I am proud to live in a city where nature is within close proximity. It is unique that such a peaceful haven exists alongside a noisy and crowded environment. It is embedded in Jerusalem’s culture. This is evident when visiting Ein Lavan on a Friday afternoon. Hikers, bikers, groups of religious girls making shakshuka, families on a picnic, and people just trying to escape the noise of the city join together in this idyllic place of coexistence.
GAZELLE jumping, Reches Lavan.GAZELLE jumping, Reches Lavan.
I remember when I first joined my youth movement in fifth grade and our counselors took us to Ein Sarig, one of the many springs in the Jerusalem Hills. We splashed in the water and sat in the giant fig tree, picking everything we could reach. Now I am a counselor in that same youth movement. I have the honor of passing that tradition on to the children in my group. It pains me to think that in just a few years they may not be able pass on these experiences to their charges. They will only be able to say: “See all those buildings over there? There used to be springs surrounded by trees there and people would gather by day to enjoy nature and animals would come to drink by night. But it’s all gone now.”

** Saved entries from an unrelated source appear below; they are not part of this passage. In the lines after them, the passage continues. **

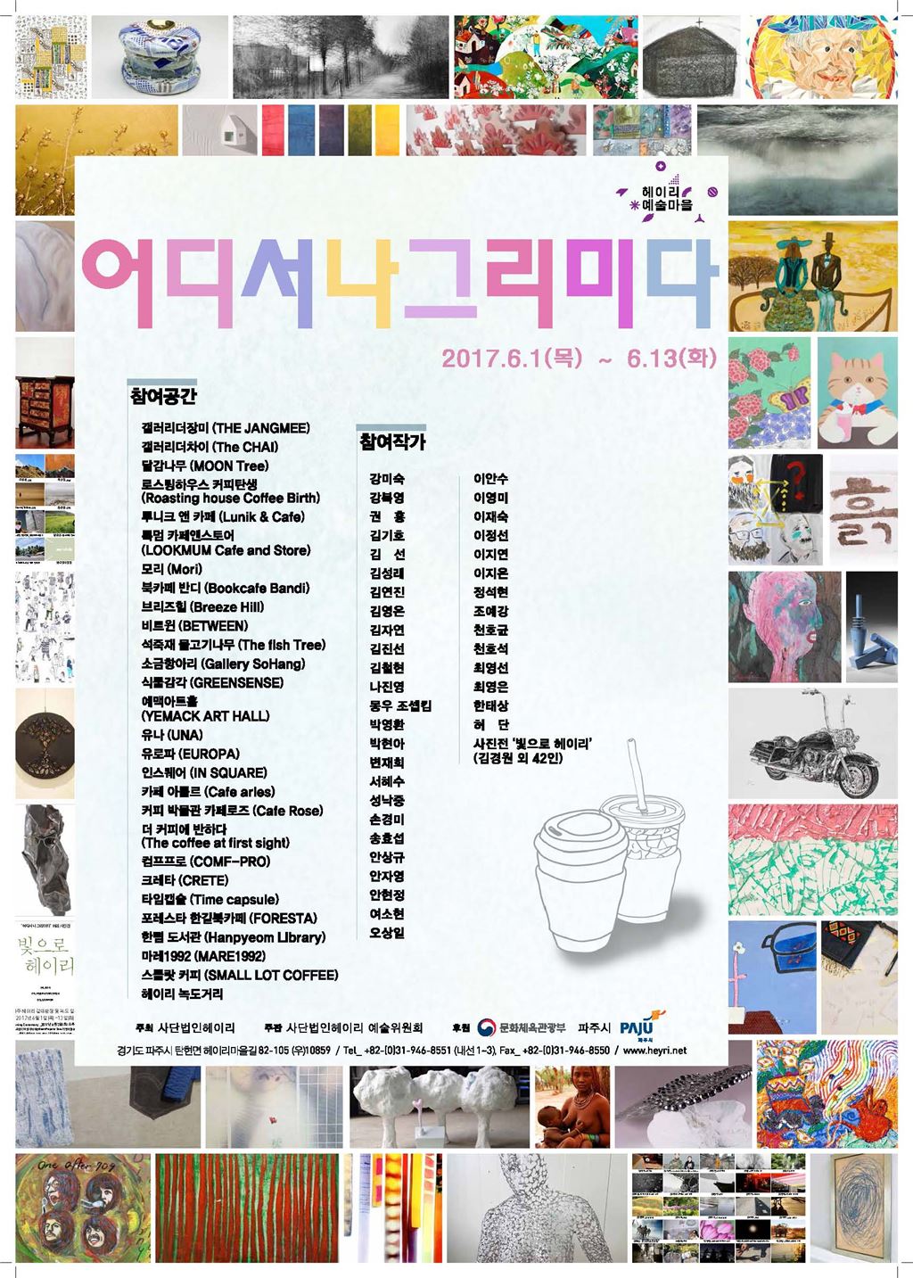 [아시아경제 김세영 기자] 제 1회 ‘어디서나그리미다’ 기획 전시가 1일부터 13일까지 헤이리 예술마을(경기도 파주시 탄현면) 내 위치한 스물여덟 곳 카페 공간 및 녹도거리에서 열린다. ‘어디서나그리미다’ 기획전은 사단법인헤이리 예술위원회가 주최하고 문화체육관광부, 파주시가 후원하는 문화마을 조성 지원사업의 일환이다. 전시는 어렵게 느껴지는 미술관, 박물관, 갤러리 방문의 문턱을 낮춰 누가, 언제, 어디서든 예술작품을 접할 수 있도록 기회를 제공한다. 신인들을 비롯한 국내 유수 작가(김경원 외 42인)들이 대거 참여한다. 참여공간은 갤러리더장미 등을 비롯해 총 스물일곱 곳이다. 이번 전시는 헤이리 예술마을 곳곳에서 다채롭게 열린다. 방문객은 문화예술 공간으로 변신한 카페에서 회화, 압화, 염색, 도예, 사진 등 다양한 작품을 만날 수 있다. 작가들은 자연스럽게 관람객과 소통할 수 있는 자리를 마련한다. 헤이리 예술마을을 찾는 이들에게 커피 한 잔의 여유와 현대미술 관람의 기회를 선사할 이번 전시는 문화예술을 향유하고 전시의 관람 폭을 넓혀줄 것이다. 문의는 031-946-8553.김세영 기자 ksy1236@asiae.co.kr<ⓒ세계를 보는 창 경제를 보는 눈, 아시아경제(www.asiae.co.kr) 무단전재 배포금지>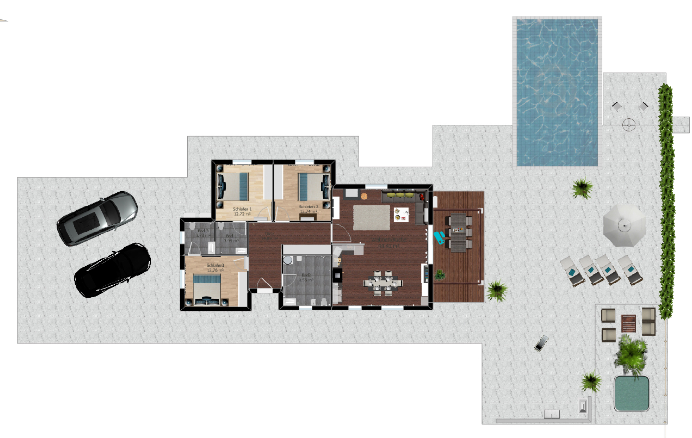 für bis zu 6 Personen, 3 Schlafzimmer mit jeweils eigenem Bad, barrierefrei für Rollstuhlfahrer geeignet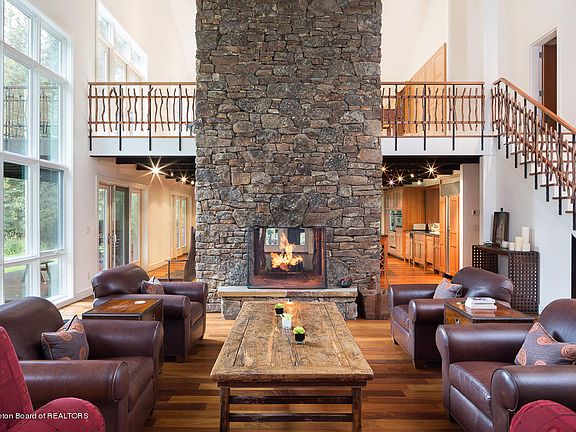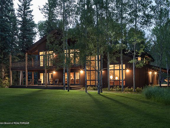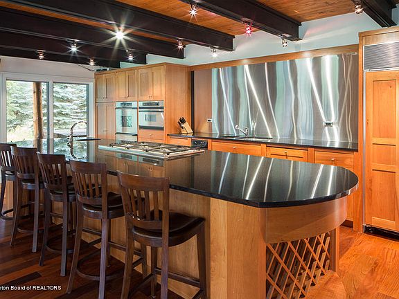 This impressive home has an exquisitely comfortable floor plan and impeccable details throughout. Designed by Steven Dynia,this gracious mountain modern home is surrounded by mature trees, and it is one of Jackson's finest offerings. The extremely private property is on a total of 5 acres and includes a stream, pond, and wildlife haven. The great room features a floor to ceiling Montana Moss Rock pass through fireplace and Brazilian Walnut hardwood floors.

This doesn’t have to happen! There are other solutions for Jerusalem’s need to grow. I am aware of the housing shortage in the city. The Society for the Protection of Nature in Israel published a report in 2019 that reviewed the building opportunities within the city. We are deceived into thinking that the only way to promote urban renewal is by expanding Jerusalem outward. Pursuing building opportunities within the city will improve its development and save valuable open space.
This is not the first time that the Jerusalem Hills have been in danger. Some of you may remember the Safdie plan proposed in 1998. As a result of a public outcry, the plan was officially canceled in 2006. Now, less than 15 years later, we face the same threat. Our proposed solution is to have the Jerusalem Hills be declared a National Park that will protect our nature from destruction. This time we are hoping to ensure that our fight will be the last.

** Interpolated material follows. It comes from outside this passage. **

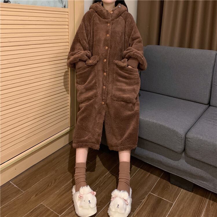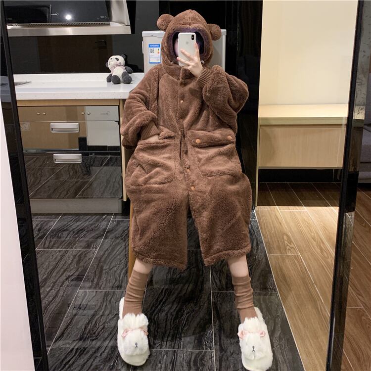 【送料無料】 もこもこ ルームウェア レディース くま かわいい ガウン ワンピース パジャマ 秋 冬 フード付き 耳付き 寝巻き モコモコ 部屋着 ホームウェア ラブリー ガーリー ブラウン クマさん ポケット 前開き フリース インスタ映え キュート 防寒 暖かい お揃い コーデ 可愛い 女子会 お泊まり 長袖 ポケット フード付き 10代 20代 韓国 ファッション ナイトウェア 膝掛け 上着 db1326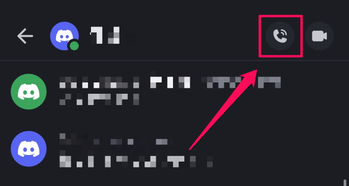 スマホアプリ版Discordでもフレンドと通話が可能です。ダイレクトメッセージ画面右上の「音声通話を開始」をタップすると通話が開始されます。

A FAMILY of gazelles, Reches Lavan.A FAMILY of gazelles, Reches Lavan.
I know there are politics involved. I discovered them first hand when I went to speak in front of the environmental committee of the municipality. Everyone seemed to be on our side but claimed their hands were tied and they were doing the best they can. But my hands are not tied and neither are yours. I am 16 and completely free to fight for a right cause. There are a lot of people that care, maybe even every one of Jerusalem’s near million residents, but they have not yet stepped over that threshold between knowledge and action. With the masses of everyone who cares, we can “loosen” the ties that are preventing the decision makers from doing what is good for us and future generations.
Please help me and hundreds of other activists save the Hills of Jerusalem by coming to the protest – June 25 at 3:30 p.m., in Givat Shaul.